My interview became so full of great stories, about so much more than a man with too many notebooks, thermometers and yellowed newspapers. It became the highlights of his life. I promised him, after spending several hours on his couch, that I’d write him a good article, that people would love reading about him.
He called me for weeks, keeping my phone number written on a business card. He called me before the article came out, and many times afterward. I answered a few times, and I got the feeling his mind was starting to leave him. Sometimes, he repeated his questions. Other times, he didn’t know whose number he had dialed.

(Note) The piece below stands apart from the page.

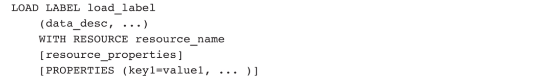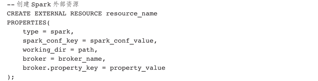 提交Spark Load任务之前,用户需要配置执行ETL任务的Spark外部资源,语法如下:

I came across his story not long ago, sifting through my own stack of newspapers, about four years after I wrote it. I loved that story. It had everything. It had newsworthiness, imagery and a man that readers could not dislike. I was proud of what I wrote. I looked up his name on Google, and was saddened to see that he had died about a year and a half after my article on him was published. He had told me that he would keep weather records until the Lord called him home, and I’m sure that he did.
I drove by his house, and was happy to see that it was still standing, that orange ladders were resting against it. Someone was taking care of it. His drugstore, closed for longer than my lifetime, was still there, too, several hundred feet away.
Remembering the day I met him for that interview got me thinking about things I covered later, playoff football games and tense city council meetings. One of the most memorable events I covered was in January 2014, a year before he died. Ice stuck to the roads in the Birmingham metro area, stranding thousands on the highways and at work. It was a real mess. But there was also snow.
I hope he got to touch it.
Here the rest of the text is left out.